Remember: treat SMS results as weaker signals and combine with device fingerprinting or risk scoring for higher assurance.

Audit trail: make MFA events tamper-evident

Every MFA event must be recorded and cryptographically bound to the signed document. Use a signed audit record (JWT or CMS/PKCS7) that contains:

  • documentId, userId, method, timestamp
  • assertion details (WebAuthn signature counter, credential ID) for hardware keys
  • verification result and server-signed hash

Example: create a signed audit JWT (Node.js)

// npm i jsonwebtoken
const jwt = require('jsonwebtoken');
function createAuditJWT(auditEvent) {
  // auditEvent: { docId, userId, method, result, details }
  const payload = { ...auditEvent, iat: Math.floor(Date.now() / 1000) };
  return jwt.sign(payload, process.env.AUDIT_JWT_SECRET, { algorithm: 'HS256', expiresIn: '30d' });
}

// store the JWT alongside the signed document and in your centralized audit DB

Putting it together: Signing flow code sketch (Node.js + pseudo e-sign API)

The flow below shows the core pieces: check policy, trigger MFA, verify, generate audit entry, finalize signature with e-sign API.

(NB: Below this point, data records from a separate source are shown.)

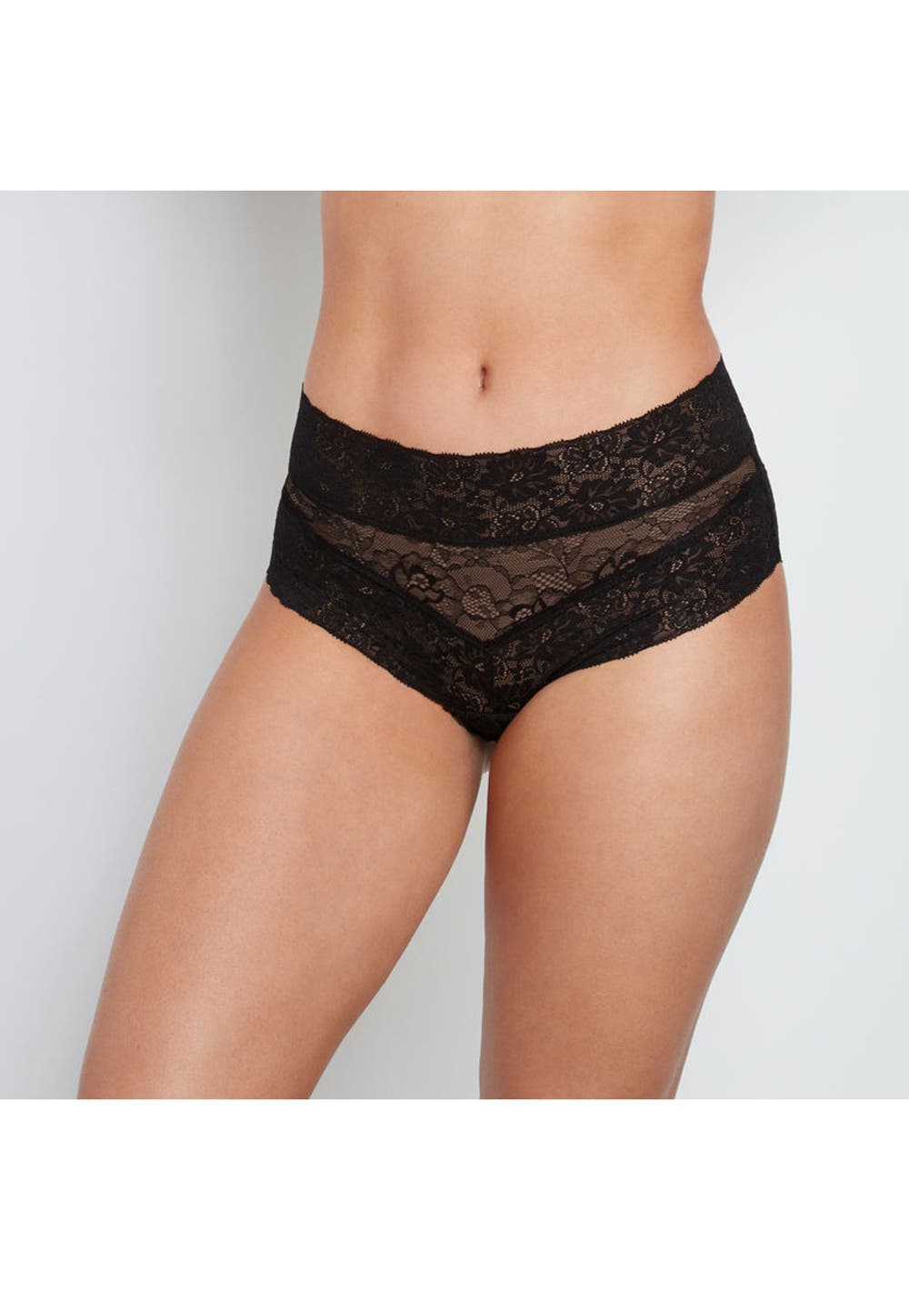 Flattering, full coverage high Rise silhouette. Soft and stretchy floral lace. 100% Cotton gusset for maximum breathability and comfort.
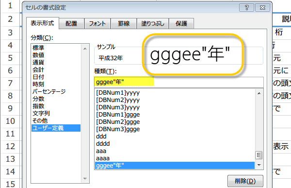 たとえば、一般的な西暦表示の日付「2020/7/24」を平成32年というような和暦の表示にするには、 セルの書式の表示形式タブをクリックし、ユーザー定義を選択します。 種類にgggee”年”と入力します。
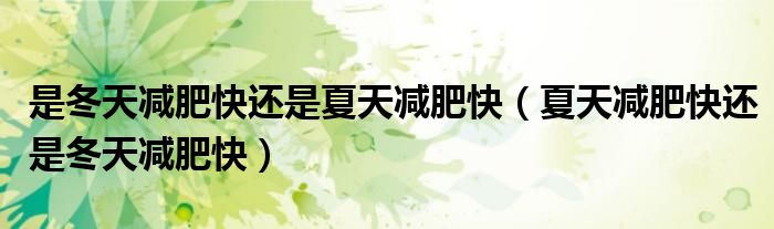 大家好,linda来为大家解答以上的问题。是冬天减肥快还是夏天减肥快,夏天减肥快还是冬天减肥快很多人还不知道,现在让我们一起来看看吧!
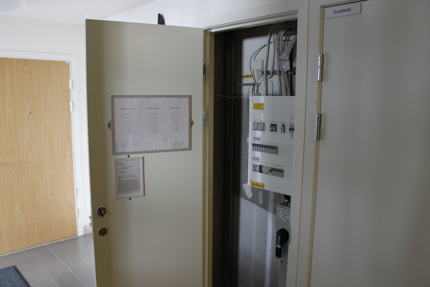Elen i din lägnehet levereras via en leverantör som du själv upprättar avtal med. Alla abonemangsfrågor skall riktas till denna leverantör. Elmätare sitter på entréplan och kan kontrolleras genom beskrivningen nedan angående kontroll av lägenhetens huvudsäkringar som även de finns i skåpen på entréplan.
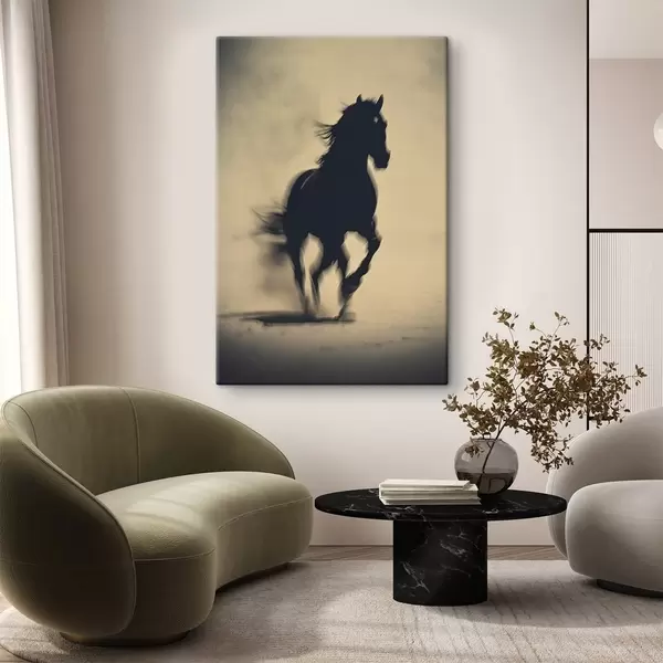 Glezna Melna zirga siluets neskaidrā stilā s41708

async function handleSignRequest(req, res) {
  const { userId, documentId } = req.body;
  const policy = await loadPolicyForDocument(documentId);
  const risk = await computeRisk(req); // IP, device, velocity

  if (policy.mfa_required || risk.high) {
    // present MFA choices to user based on allowed methods
    return res.json({ mfaRequired: true, methods: policy.mfa_methods });
  }

  // if no MFA required, proceed (but still record an event)
  const auditJwt = createAuditJWT({ docId: documentId, userId, method: 'none', result: 'proceed' });
  const signedDoc = await eSignApi.sign(documentId, userId, { auditJwt });
  res.json({ signedDoc });
}

// After client verifies MFA (WebAuthn/TOTP), server validates and continues:
async function finalizeAfterMFA(req, res) {
  const { userId, documentId, mfaAssertion } = req.body;
  const verified = await verifyMfaAssertion(userId, mfaAssertion);
  if (!verified) return res.status(401).json({ error: 'MFA failed' });

  const auditJwt = createAuditJWT({ docId: documentId, userId, method: mfaAssertion.method, result: 'verified', details: mfaAssertion.details });
  const signedDoc = await eSignApi.sign(documentId, userId, { auditJwt });
  res.json({ signedDoc });
}

Example UI copy & email template for signer MFA prompt

Use clear, low-friction copy to instruct signers:

Subject: Action required: Verify your identity to sign Contract #12345

Hi Sarah,

To complete signing of Contract #12345, please verify your identity. Choose a method:
• Security key or device biometrics (recommended)
• Authenticator app (TOTP)
• SMS code (fallback)

This helps protect your account and ensures the signed document is secure.

Thanks,
AcmeCorp Security

Recovery, onboarding, and lifecycle

  • Make MFA enrollment part of the user setup for any approver role.
  • Offer multiple registered authenticators per user (e.g., a platform authenticator and a backup TOTP).
  • Enforce re-authentication for changes to phone numbers or registered authenticators; require in-person or admin verification for high-value account recovery.
  • Rotate server keys used to sign audit records regularly, maintain key material in an HSM or cloud KMS, and log key operations.

Security best practices

  • Prefer WebAuthn/passkeys or hardware keys for high-value signatures — they’re phishing-resistant.
  • Store minimal sensitive data from authenticators (store public keys and credential IDs; never raw private keys).
  • Include MFA details in signed audit logs so you can prove who authenticated, how, and when.
  • Use risk-based policies to require stronger factors for remote, new-device, or high-amount approvals.
  • Monitor for MFA failures and recovery events — spikes can indicate active takeover attempts.
  • Enforce rate limiting and CAPTCHA on enrollment and verification endpoints to prevent automated attacks.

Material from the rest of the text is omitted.